■ **Material for the task**

+ + +

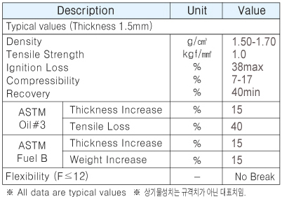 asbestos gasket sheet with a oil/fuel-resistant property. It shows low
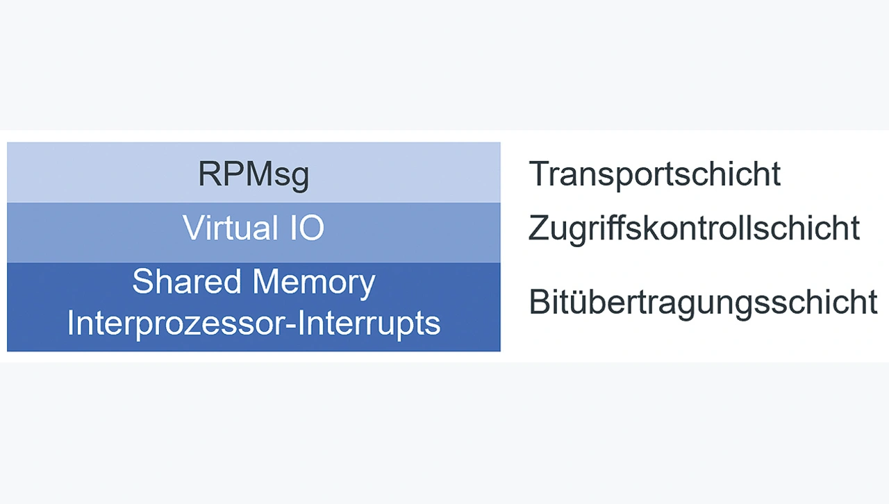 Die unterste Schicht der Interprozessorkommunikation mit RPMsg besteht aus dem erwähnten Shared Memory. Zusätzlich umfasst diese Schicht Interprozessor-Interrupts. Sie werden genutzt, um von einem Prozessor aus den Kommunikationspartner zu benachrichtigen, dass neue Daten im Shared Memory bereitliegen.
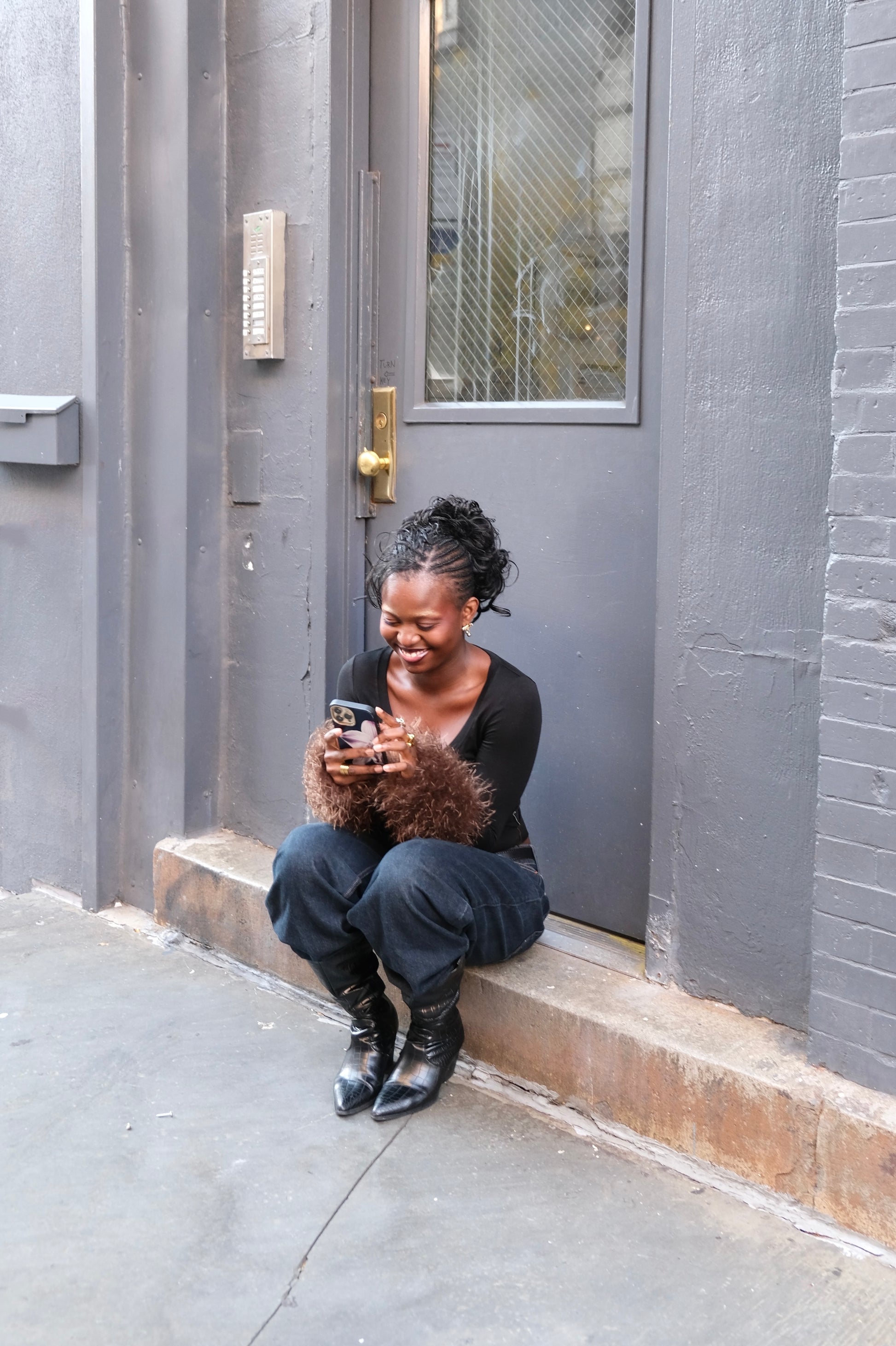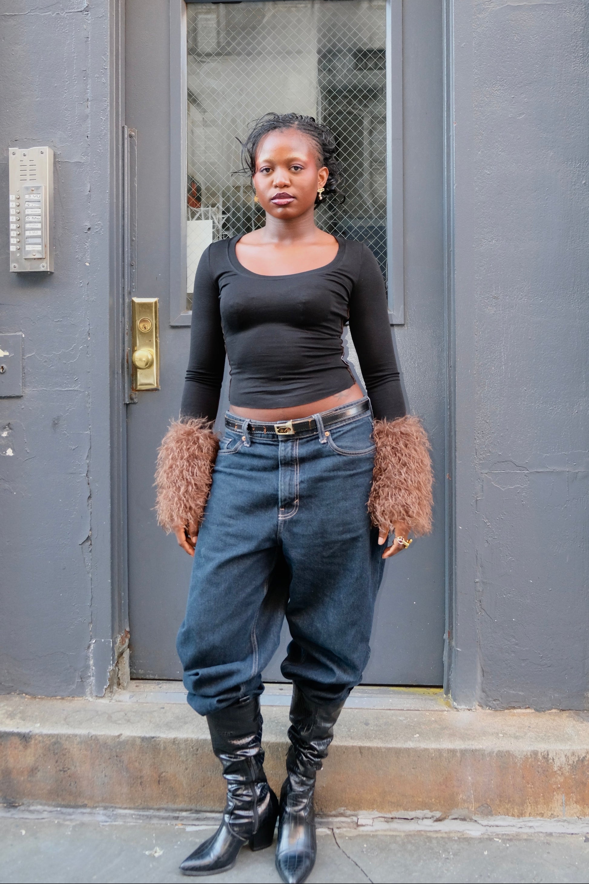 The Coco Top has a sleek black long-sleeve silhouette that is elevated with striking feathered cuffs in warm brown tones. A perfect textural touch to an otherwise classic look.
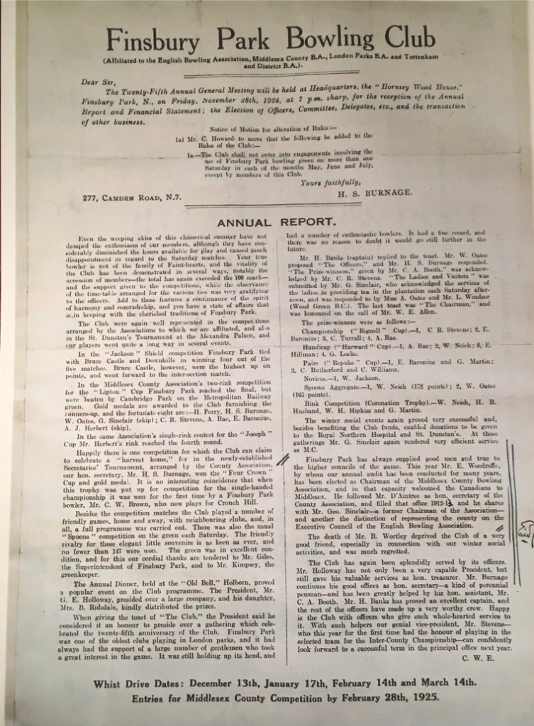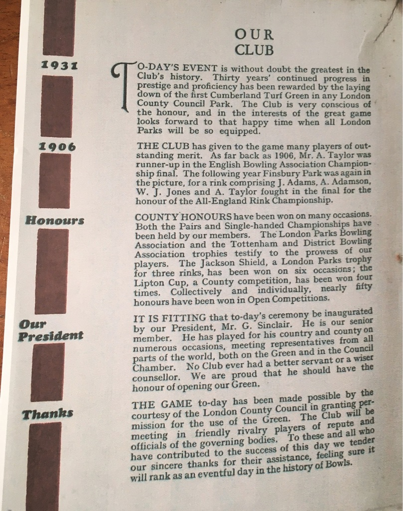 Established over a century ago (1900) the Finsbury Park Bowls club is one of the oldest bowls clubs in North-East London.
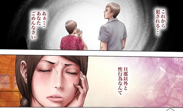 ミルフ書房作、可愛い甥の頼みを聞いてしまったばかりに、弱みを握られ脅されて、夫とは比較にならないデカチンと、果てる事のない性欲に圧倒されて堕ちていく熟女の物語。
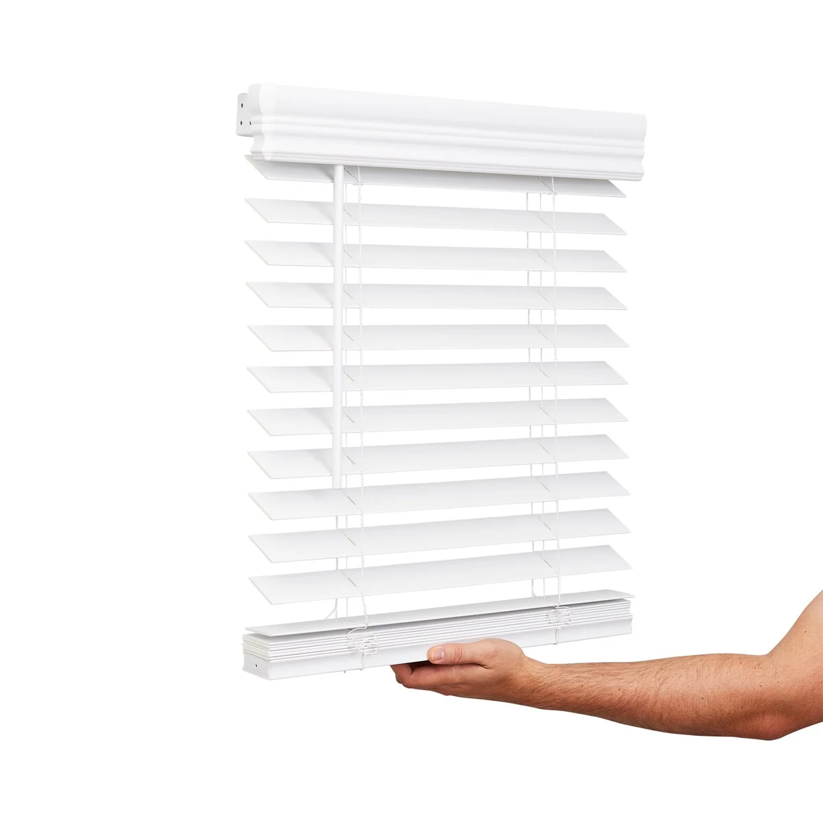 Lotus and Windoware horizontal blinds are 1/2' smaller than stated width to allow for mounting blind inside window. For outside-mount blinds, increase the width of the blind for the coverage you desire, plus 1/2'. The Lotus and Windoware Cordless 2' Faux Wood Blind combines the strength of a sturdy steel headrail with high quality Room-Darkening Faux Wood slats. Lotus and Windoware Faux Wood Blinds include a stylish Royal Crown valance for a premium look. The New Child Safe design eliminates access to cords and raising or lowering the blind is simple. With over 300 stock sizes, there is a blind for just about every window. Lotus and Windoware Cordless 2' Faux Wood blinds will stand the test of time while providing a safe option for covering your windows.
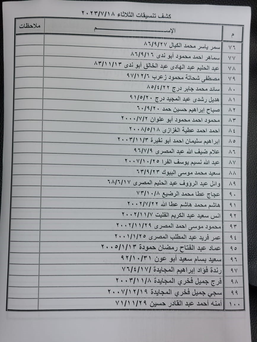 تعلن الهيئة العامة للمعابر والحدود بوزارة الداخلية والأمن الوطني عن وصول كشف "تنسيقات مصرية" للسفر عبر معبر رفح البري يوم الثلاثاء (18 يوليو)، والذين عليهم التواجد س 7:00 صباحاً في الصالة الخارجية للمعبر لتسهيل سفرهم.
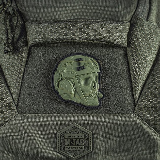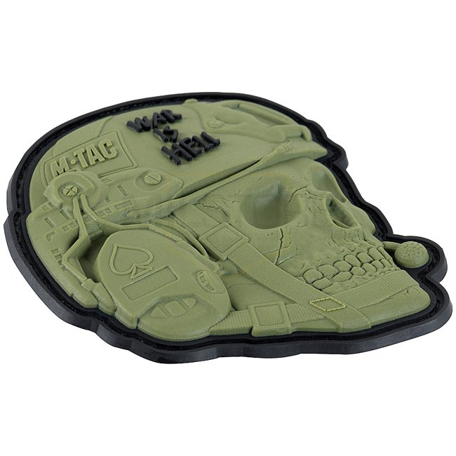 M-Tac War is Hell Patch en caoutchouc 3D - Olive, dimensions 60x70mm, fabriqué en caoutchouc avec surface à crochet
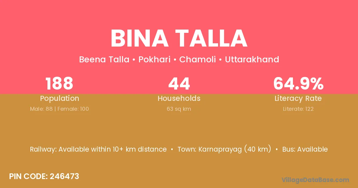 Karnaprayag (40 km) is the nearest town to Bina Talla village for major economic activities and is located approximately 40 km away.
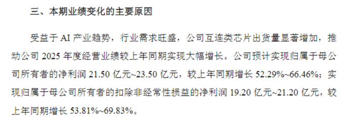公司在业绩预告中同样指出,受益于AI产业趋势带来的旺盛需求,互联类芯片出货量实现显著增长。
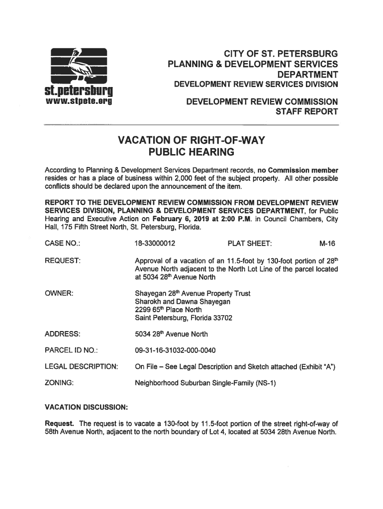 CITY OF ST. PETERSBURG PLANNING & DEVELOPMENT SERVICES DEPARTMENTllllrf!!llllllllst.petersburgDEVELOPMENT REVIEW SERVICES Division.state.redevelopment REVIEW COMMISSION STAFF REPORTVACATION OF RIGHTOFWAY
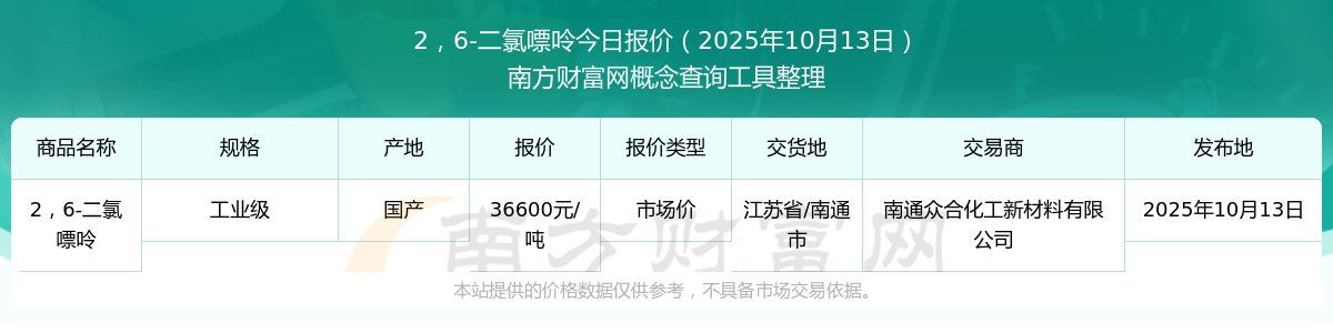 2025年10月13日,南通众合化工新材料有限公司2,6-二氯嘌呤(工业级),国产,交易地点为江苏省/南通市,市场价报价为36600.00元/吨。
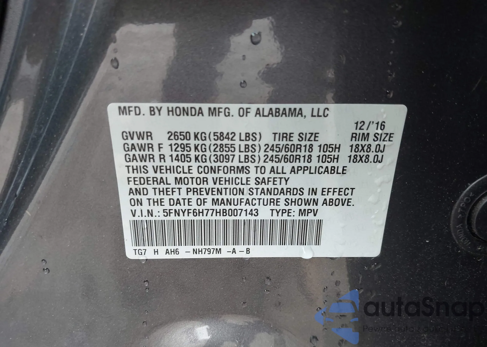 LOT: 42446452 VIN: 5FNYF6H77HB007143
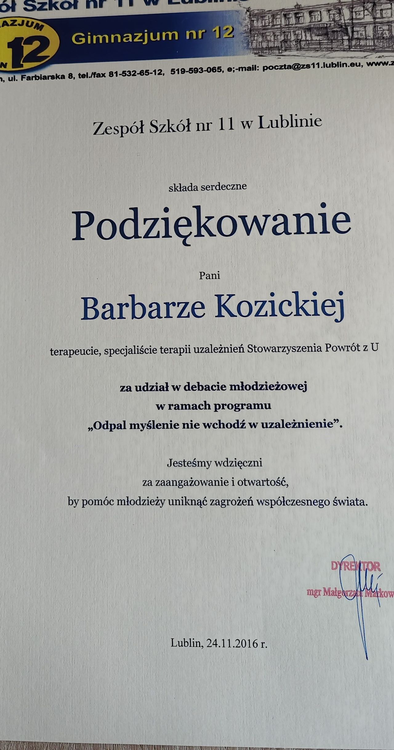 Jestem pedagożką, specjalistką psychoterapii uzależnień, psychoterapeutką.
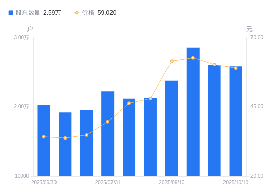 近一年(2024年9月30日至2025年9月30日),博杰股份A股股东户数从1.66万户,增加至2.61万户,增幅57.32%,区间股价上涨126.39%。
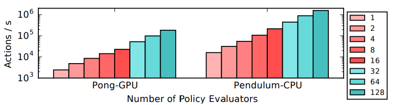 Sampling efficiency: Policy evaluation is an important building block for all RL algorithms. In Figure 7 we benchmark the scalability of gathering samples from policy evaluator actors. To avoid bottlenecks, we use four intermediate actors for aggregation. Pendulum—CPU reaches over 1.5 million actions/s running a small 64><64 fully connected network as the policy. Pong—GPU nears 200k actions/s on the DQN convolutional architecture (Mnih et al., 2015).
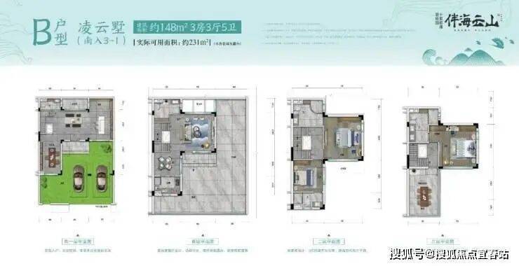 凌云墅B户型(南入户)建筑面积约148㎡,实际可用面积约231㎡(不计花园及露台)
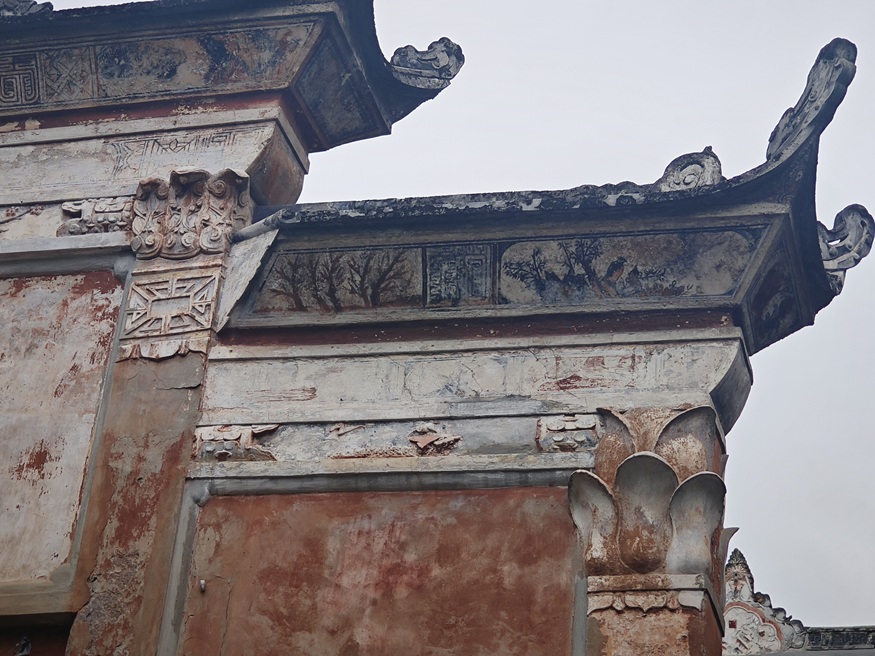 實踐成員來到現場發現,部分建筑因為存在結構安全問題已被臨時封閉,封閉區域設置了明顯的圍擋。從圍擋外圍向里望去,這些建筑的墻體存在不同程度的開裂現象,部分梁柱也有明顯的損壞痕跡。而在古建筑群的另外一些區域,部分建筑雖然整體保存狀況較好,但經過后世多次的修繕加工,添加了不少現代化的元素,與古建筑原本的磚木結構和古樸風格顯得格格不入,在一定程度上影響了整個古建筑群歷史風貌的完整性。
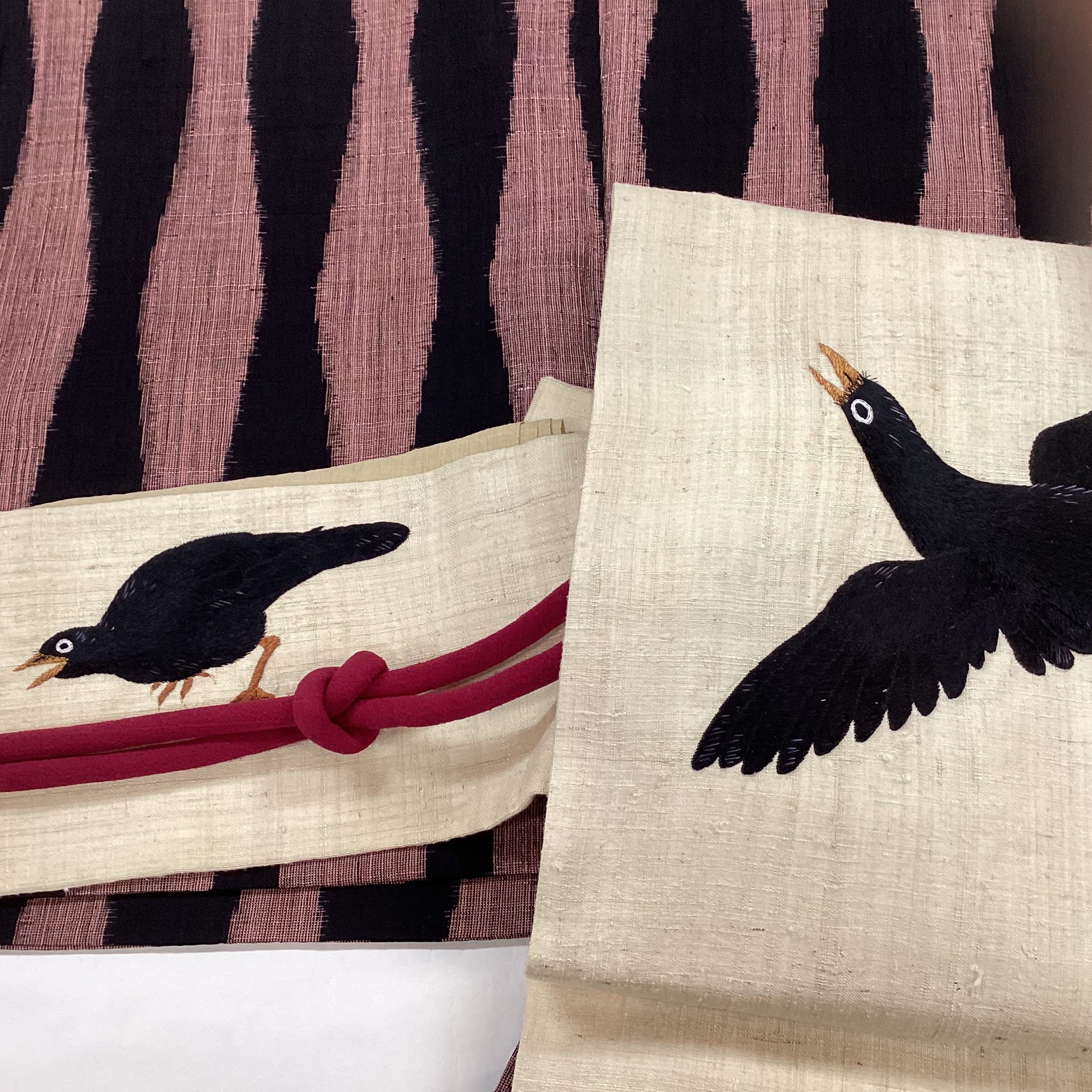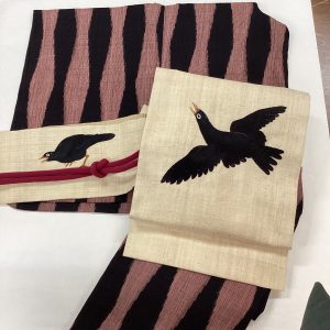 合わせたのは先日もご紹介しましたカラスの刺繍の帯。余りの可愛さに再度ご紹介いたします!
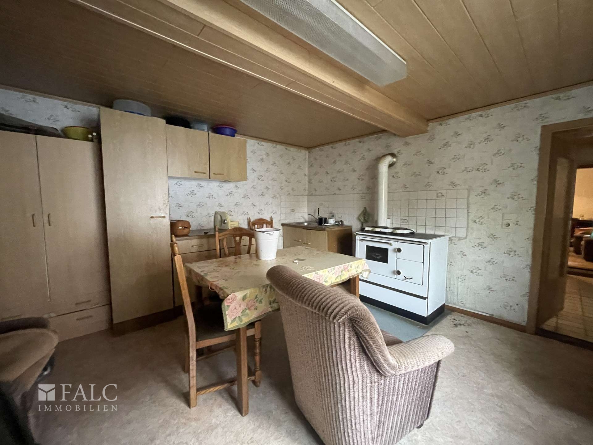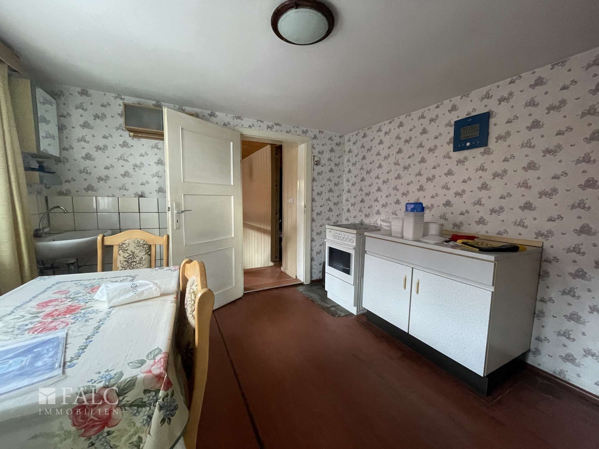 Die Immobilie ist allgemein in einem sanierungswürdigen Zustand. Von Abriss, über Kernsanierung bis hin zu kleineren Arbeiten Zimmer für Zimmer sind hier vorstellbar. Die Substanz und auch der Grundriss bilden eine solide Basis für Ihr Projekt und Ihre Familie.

+ + +

■ **What to produce**
Output the data exactly. Pictures don't belong in the result.

■ **Exercise response**
 asbestos gasket sheet with a oil/fuel-resistant property. It shows low
 Die unterste Schicht der Interprozessorkommunikation mit RPMsg besteht aus dem erwähnten Shared Memory. Zusätzlich umfasst diese Schicht Interprozessor-Interrupts. Sie werden genutzt, um von einem Prozessor aus den Kommunikationspartner zu benachrichtigen, dass neue Daten im Shared Memory bereitliegen.
 The Coco Top has a sleek black long-sleeve silhouette that is elevated with striking feathered cuffs in warm brown tones. A perfect textural touch to an otherwise classic look.
 Established over a century ago (1900) the Finsbury Park Bowls club is one of the oldest bowls clubs in North-East London.
 ミルフ書房作、可愛い甥の頼みを聞いてしまったばかりに、弱みを握られ脅されて、夫とは比較にならないデカチンと、果てる事のない性欲に圧倒されて堕ちていく熟女の物語。
 Lotus and Windoware horizontal blinds are 1/2' smaller than stated width to allow for mounting blind inside window. For outside-mount blinds, increase the width of the blind for the coverage you desire, plus 1/2'. The Lotus and Windoware Cordless 2' Faux Wood Blind combines the strength of a sturdy steel headrail with high quality Room-Darkening Faux Wood slats. Lotus and Windoware Faux Wood Blinds include a stylish Royal Crown valance for a premium look. The New Child Safe design eliminates access to cords and raising or lowering the blind is simple. With over 300 stock sizes, there is a blind for just about every window. Lotus and Windoware Cordless 2' Faux Wood blinds will stand the test of time while providing a safe option for covering your windows.
 تعلن الهيئة العامة للمعابر والحدود بوزارة الداخلية والأمن الوطني عن وصول كشف "تنسيقات مصرية" للسفر عبر معبر رفح البري يوم الثلاثاء (18 يوليو)، والذين عليهم التواجد س 7:00 صباحاً في الصالة الخارجية للمعبر لتسهيل سفرهم.
 M-Tac War is Hell Patch en caoutchouc 3D - Olive, dimensions 60x70mm, fabriqué en caoutchouc avec surface à crochet
 Karnaprayag (40 km) is the nearest town to Bina Talla village for major economic activities and is located approximately 40 km away.
公司在业绩预告中同样指出,受益于AI产业趋势带来的旺盛需求,互联类芯片出货量实现显著增长。
 CITY OF ST. PETERSBURG PLANNING & DEVELOPMENT SERVICES DEPARTMENTllllrf!!llllllllst.petersburgDEVELOPMENT REVIEW SERVICES Division.state.redevelopment REVIEW COMMISSION STAFF REPORTVACATION OF RIGHTOFWAY
 2025年10月13日,南通众合化工新材料有限公司2,6-二氯嘌呤(工业级),国产,交易地点为江苏省/南通市,市场价报价为36600.00元/吨。
 LOT: 42446452 VIN: 5FNYF6H77HB007143
 Jestem pedagożką, specjalistką psychoterapii uzależnień, psychoterapeutką.
 近一年(2024年9月30日至2025年9月30日),博杰股份A股股东户数从1.66万户,增加至2.61万户,增幅57.32%,区间股价上涨126.39%。
 Sampling efficiency: Policy evaluation is an important building block for all RL algorithms. In Figure 7 we benchmark the scalability of gathering samples from policy evaluator actors. To avoid bottlenecks, we use four intermediate actors for aggregation. Pendulum—CPU reaches over 1.5 million actions/s running a small 64><64 fully connected network as the policy. Pong—GPU nears 200k actions/s on the DQN convolutional architecture (Mnih et al., 2015).
 凌云墅B户型(南入户)建筑面积约148㎡,实际可用面积约231㎡(不计花园及露台)
 實踐成員來到現場發現,部分建筑因為存在結構安全問題已被臨時封閉,封閉區域設置了明顯的圍擋。從圍擋外圍向里望去,這些建筑的墻體存在不同程度的開裂現象,部分梁柱也有明顯的損壞痕跡。而在古建筑群的另外一些區域,部分建筑雖然整體保存狀況較好,但經過后世多次的修繕加工,添加了不少現代化的元素,與古建筑原本的磚木結構和古樸風格顯得格格不入,在一定程度上影響了整個古建筑群歷史風貌的完整性。
 合わせたのは先日もご紹介しましたカラスの刺繍の帯。余りの可愛さに再度ご紹介いたします!
 Die Immobilie ist allgemein in einem sanierungswürdigen Zustand. Von Abriss, über Kernsanierung bis hin zu kleineren Arbeiten Zimmer für Zimmer sind hier vorstellbar. Die Substanz und auch der Grundriss bilden eine solide Basis für Ihr Projekt und Ihre Familie.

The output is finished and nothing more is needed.